American businessman (1871–1944)

J. Murray Bartels (born Julius Murray Bartels; July 15, 1871 – October 5, 1944) was a New York City-based dealer and auctioneer of rare postage stamps. He was also well known for his knowledge of United States postal stationery.

==Family==
Barthels was born in Warrenton, Fauquier County, Virginia, one of six or so siblings born to Hermann Friedrich Bartels and Sally Innes Bartels. His father was born in Germany.

==Collecting interests==

Bartels was primarily interested in United States postal stationery and became an expert on the subject. He published the result of his studies in J.M. Bartels and Co.'s Catalogue and Reference List of the Stamped Envelopes, Wrappers and Letter Sheets in 1897, and several editions of Envelopes of the United States, from 1910 to 1938.

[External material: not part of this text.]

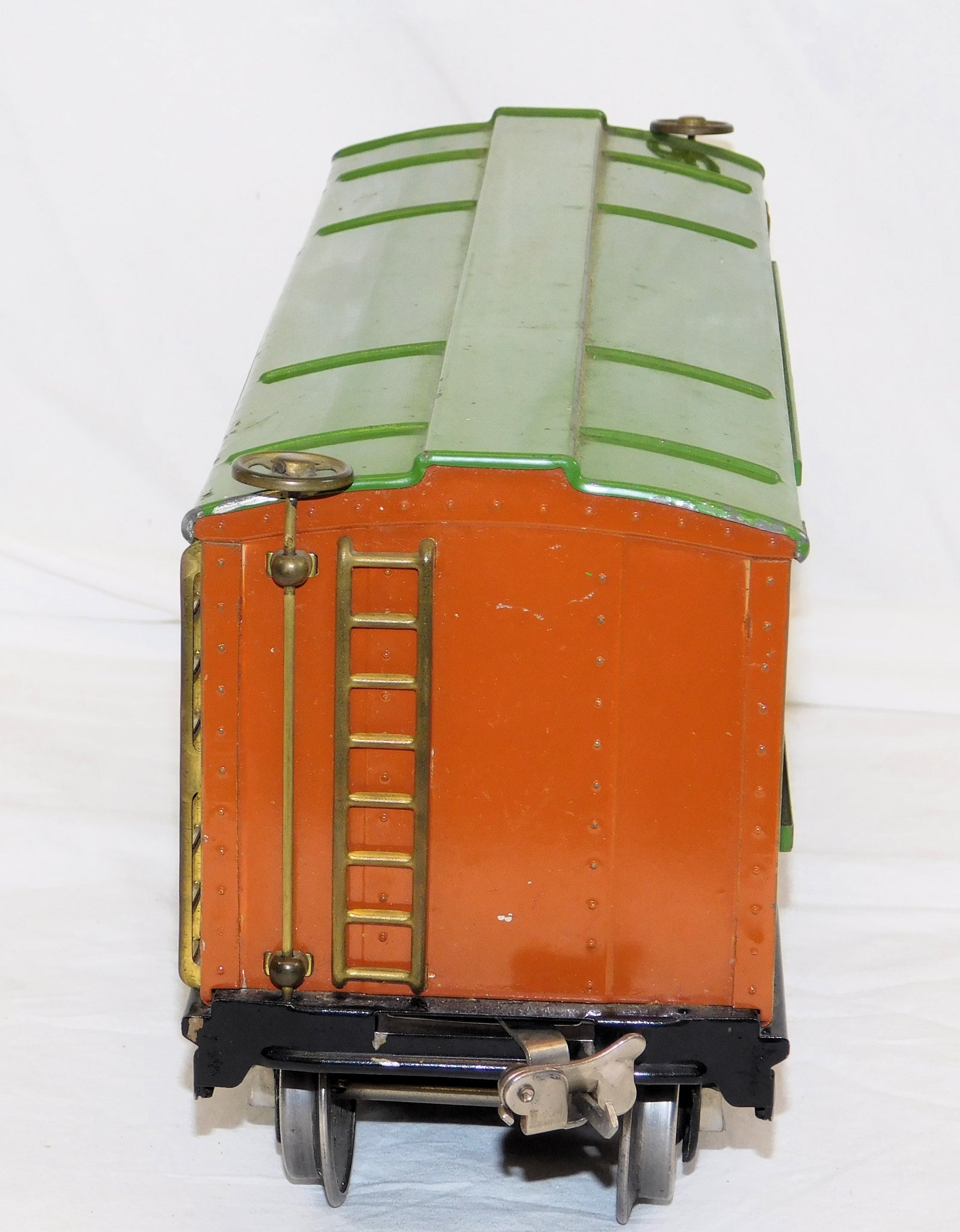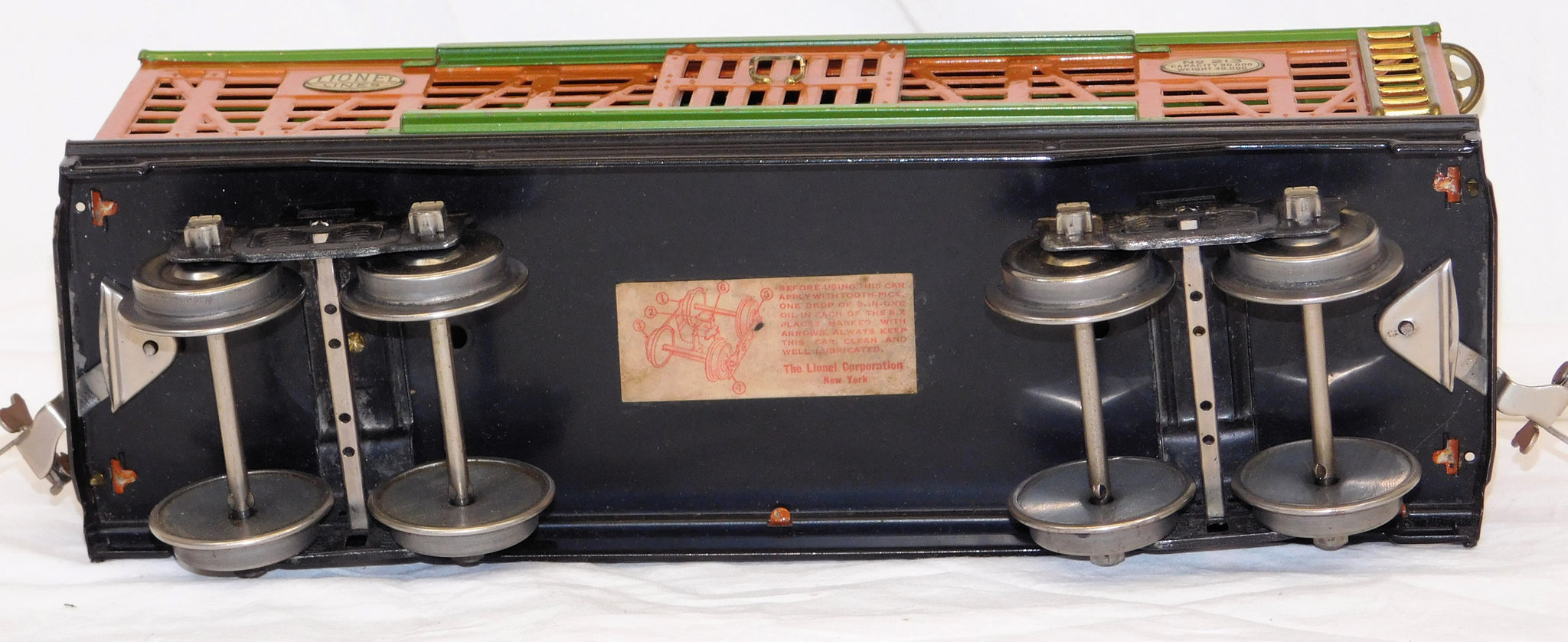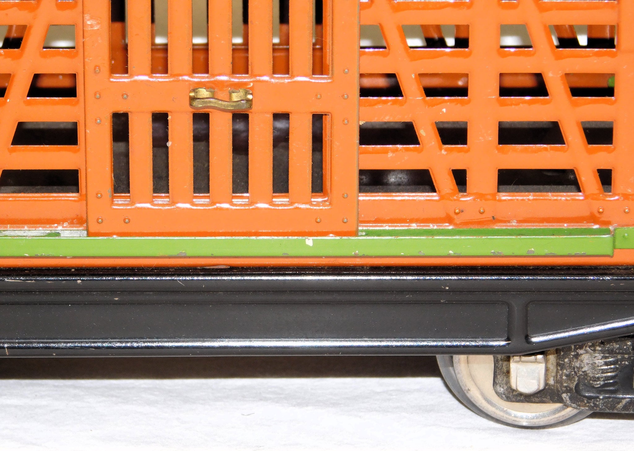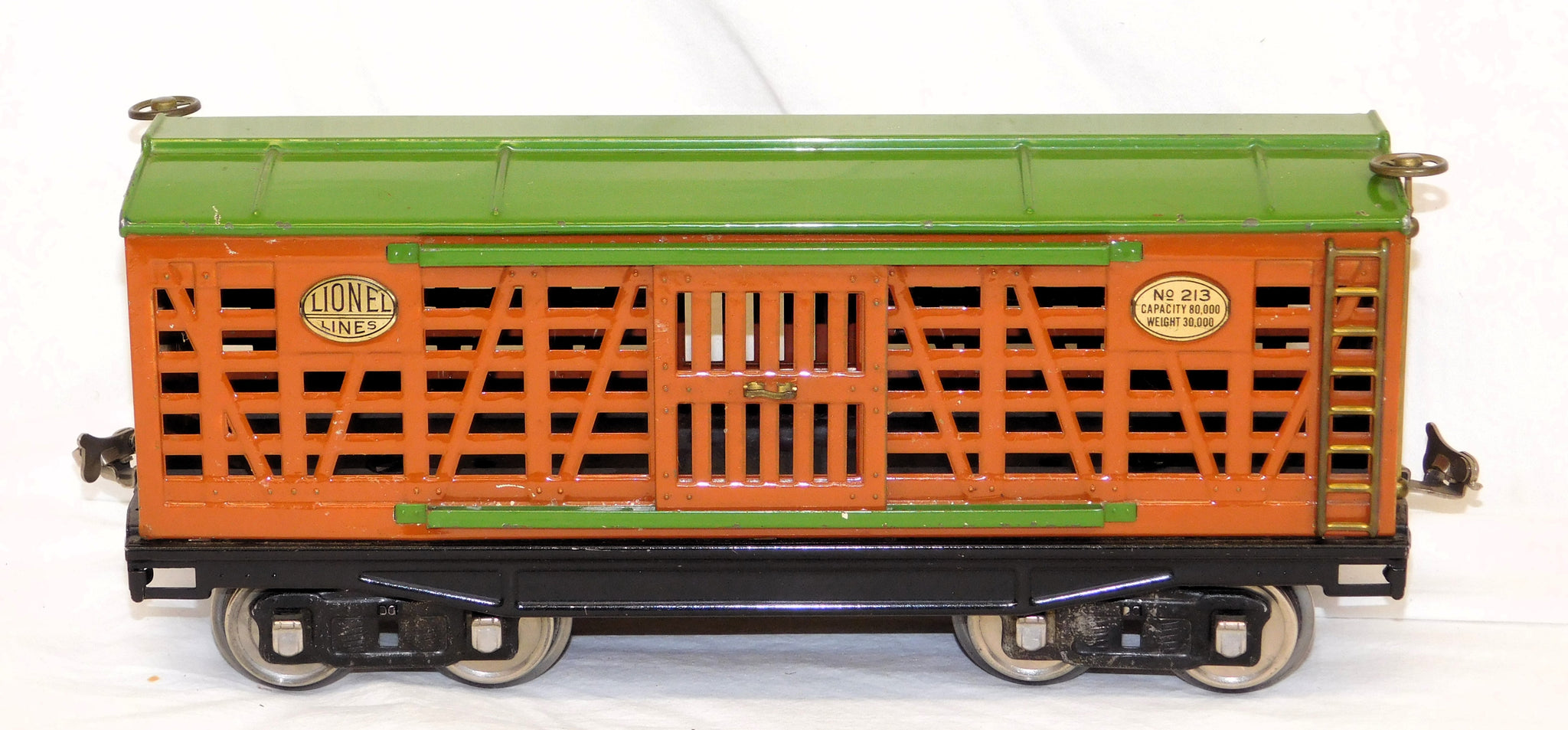 Here is a neat standard gauge cattle car in the 200 series. It has the classic prewar terra cotta body and green roof and door guides.

In 1943, he published a two volume set on stamped envelopes and wrappers. He published philatelic literature on other philatelic subjects, such as The Postage Stamps of the Philippines (co-authored with F.A. Foster and F.L. Palmer, in 1904), Bartel's Checklist of Canal Zone Stamps, in 1906 and 1908, and United States Virgin Islands (co-authored with Bertram William Henry Poole) in 1917.

==Philatelic activity==
Bartels conducted 337 philatelic auctions. Among his most important sales were portions of the significant portions of the Clarence Eagle and Arthur Hind prize-winning collections.

==Honors and awards==
Bartels was named to the American Philatelic Society Hall of Fame in 1946.

==Legacy==
- Prescott Holden Thorp continued Bartels work with his publishing of "Thorp-Bartels" catalog editions.